§ **RECORDS FOR PROCESSING**
/---

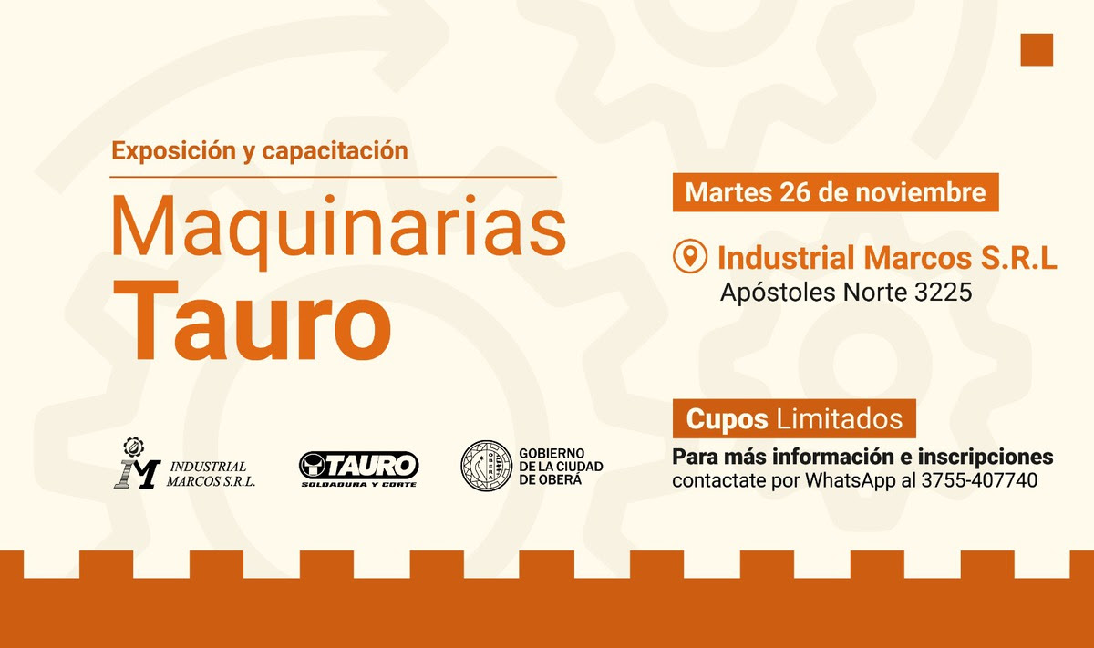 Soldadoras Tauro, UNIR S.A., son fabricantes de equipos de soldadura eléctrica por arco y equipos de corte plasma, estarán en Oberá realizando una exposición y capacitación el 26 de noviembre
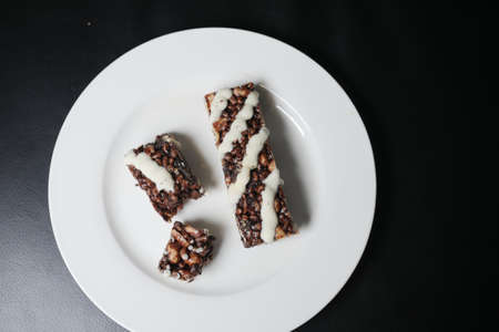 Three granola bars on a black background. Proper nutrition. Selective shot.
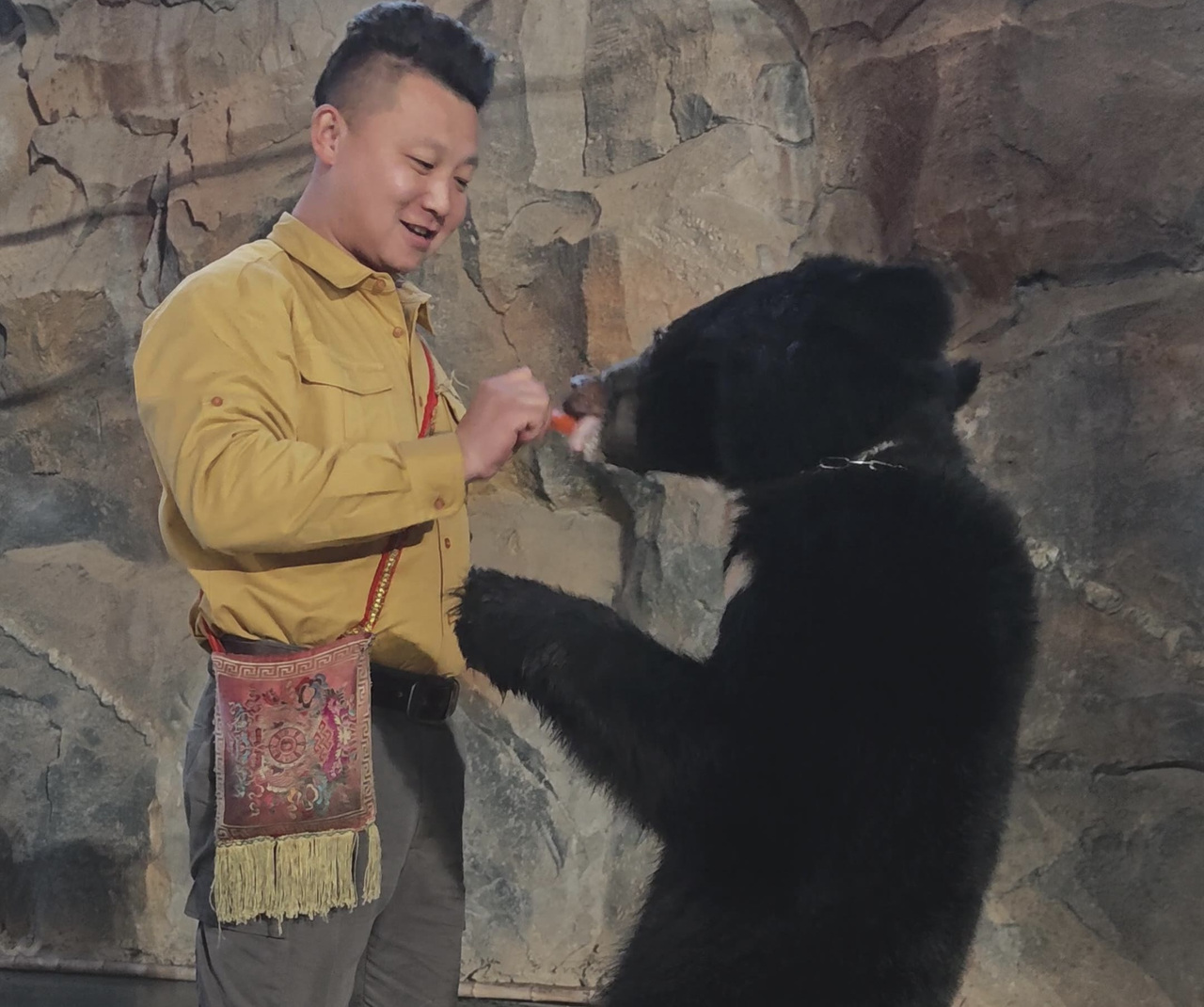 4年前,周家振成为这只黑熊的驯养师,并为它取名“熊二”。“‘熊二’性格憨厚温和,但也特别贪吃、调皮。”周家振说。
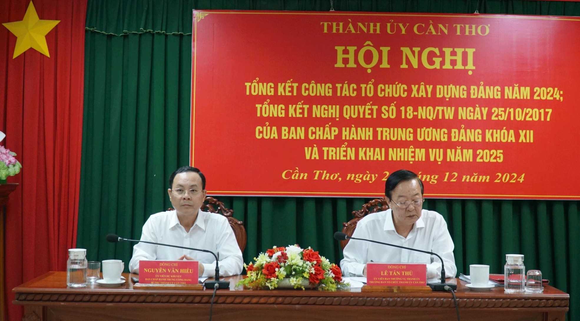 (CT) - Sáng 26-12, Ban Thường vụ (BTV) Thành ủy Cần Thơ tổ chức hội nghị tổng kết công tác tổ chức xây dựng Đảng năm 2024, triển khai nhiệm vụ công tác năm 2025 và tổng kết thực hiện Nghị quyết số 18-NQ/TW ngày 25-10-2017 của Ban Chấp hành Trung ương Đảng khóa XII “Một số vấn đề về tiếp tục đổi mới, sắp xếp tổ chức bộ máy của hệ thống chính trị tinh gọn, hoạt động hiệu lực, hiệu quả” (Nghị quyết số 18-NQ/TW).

\---
/---

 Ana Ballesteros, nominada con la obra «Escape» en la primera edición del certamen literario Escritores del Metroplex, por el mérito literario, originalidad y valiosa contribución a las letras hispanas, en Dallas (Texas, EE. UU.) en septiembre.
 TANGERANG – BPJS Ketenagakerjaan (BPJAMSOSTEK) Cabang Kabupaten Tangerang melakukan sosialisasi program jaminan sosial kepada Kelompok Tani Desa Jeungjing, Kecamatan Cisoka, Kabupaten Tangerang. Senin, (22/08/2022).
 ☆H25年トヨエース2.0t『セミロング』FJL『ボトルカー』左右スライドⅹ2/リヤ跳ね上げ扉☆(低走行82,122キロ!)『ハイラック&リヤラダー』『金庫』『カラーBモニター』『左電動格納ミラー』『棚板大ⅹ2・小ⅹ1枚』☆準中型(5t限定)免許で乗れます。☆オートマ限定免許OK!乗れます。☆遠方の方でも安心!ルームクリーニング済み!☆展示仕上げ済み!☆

\---

§ **TASK BRIEF**
Output only the stretch above from the line with "Soldadoras Tauro, UNIR" through the line with "4年前,周家振成为这只黑熊的", reproduced exactly. Exclude pictures.

§ **EXPECTED ANSWER**
 Soldadoras Tauro, UNIR S.A., son fabricantes de equipos de soldadura eléctrica por arco y equipos de corte plasma, estarán en Oberá realizando una exposición y capacitación el 26 de noviembre
 Three granola bars on a black background. Proper nutrition. Selective shot.
 4年前,周家振成为这只黑熊的驯养师,并为它取名“熊二”。“‘熊二’性格憨厚温和,但也特别贪吃、调皮。”周家振说。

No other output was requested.